- **Source material**
►

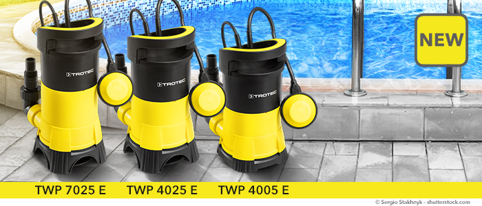 The new immersion pumps are ideally suited for versatile applications in clean to severely contaminated water, such as withdrawing water from lakes, ponds and rivers, transferring or pumping water out of a pool, pond, cistern, or rain barrel or for draining out a flooded cellar. Our clear water immersion pump TWP 4005 E serves for effective drainage and transfer of clean or only mildly contaminated water with dirt particles up to a diameter of 5 mm. Our waste water immersion pumps TWP 4025 E and TWP 7025 E can handle severely contaminated water as well – here particles can be up to 25 mm in diameter. It’s best if we briefly dive into the different advantages of the two types of pumps together – come now, the water’s not that cold…
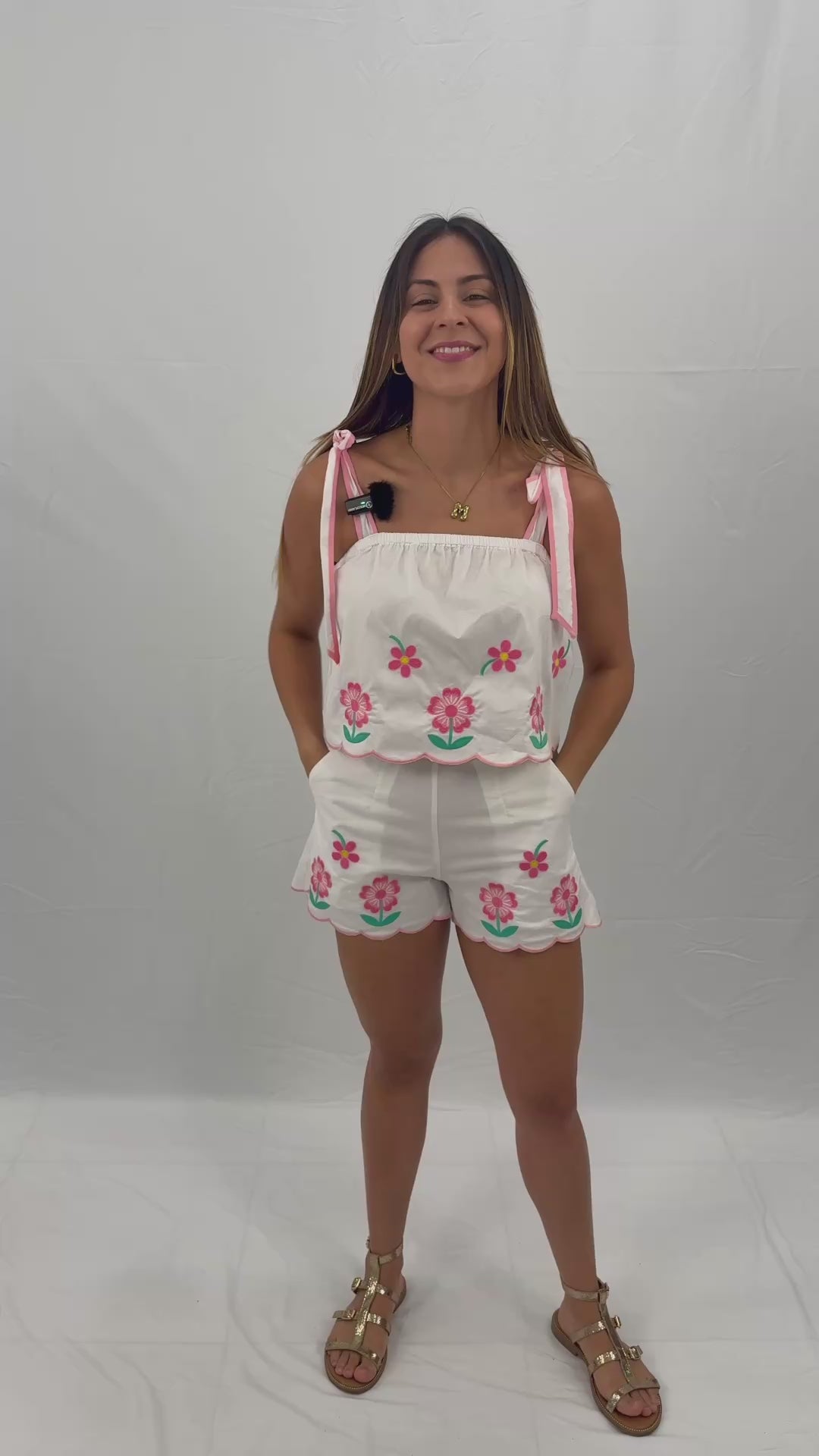 Luce como un rayito de sol con este set lleno de color, frescura y encanto. Ideal para días calurosos, salidas espontáneas o simplemente para sentirte linda sin esfuerzo. Diseñado en una mezcla suave de algodón y spandex, este conjunto combina comodidad y estilo con un fit que se adapta a ti.
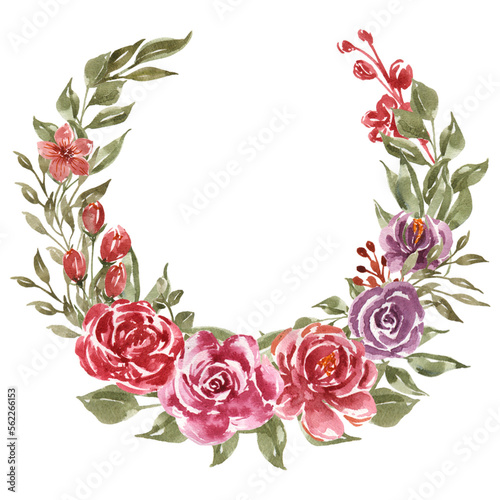 rose flower watercolor wreath arrangement
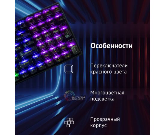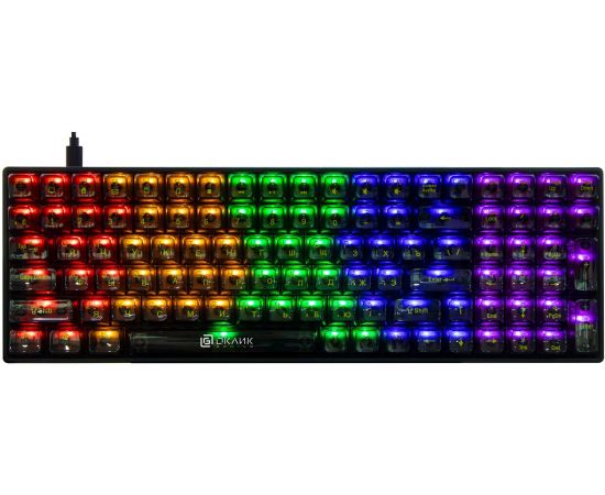 Механическая игровая клавиатура Оклик 915GK подчеркнет захватывающую атмосферу во время игры и поможет с комфортом достигать впечатляющих результатов в различных тайтлах. Модель выполнена в черном цвете и оснащена прозрачными кейкапами, сквозь которые видна многоцветная подсветка. Прозрачный корпус придает устройству неповторимый геймерский дизайн.

◄

- **What the exercise asks**
In your answer, set down the full listing word for word and include no pictures.

- **Your response**
 The new immersion pumps are ideally suited for versatile applications in clean to severely contaminated water, such as withdrawing water from lakes, ponds and rivers, transferring or pumping water out of a pool, pond, cistern, or rain barrel or for draining out a flooded cellar. Our clear water immersion pump TWP 4005 E serves for effective drainage and transfer of clean or only mildly contaminated water with dirt particles up to a diameter of 5 mm. Our waste water immersion pumps TWP 4025 E and TWP 7025 E can handle severely contaminated water as well – here particles can be up to 25 mm in diameter. It’s best if we briefly dive into the different advantages of the two types of pumps together – come now, the water’s not that cold…
 Luce como un rayito de sol con este set lleno de color, frescura y encanto. Ideal para días calurosos, salidas espontáneas o simplemente para sentirte linda sin esfuerzo. Diseñado en una mezcla suave de algodón y spandex, este conjunto combina comodidad y estilo con un fit que se adapta a ti.
 rose flower watercolor wreath arrangement
 Механическая игровая клавиатура Оклик 915GK подчеркнет захватывающую атмосферу во время игры и поможет с комфортом достигать впечатляющих результатов в различных тайтлах. Модель выполнена в черном цвете и оснащена прозрачными кейкапами, сквозь которые видна многоцветная подсветка. Прозрачный корпус придает устройству неповторимый геймерский дизайн.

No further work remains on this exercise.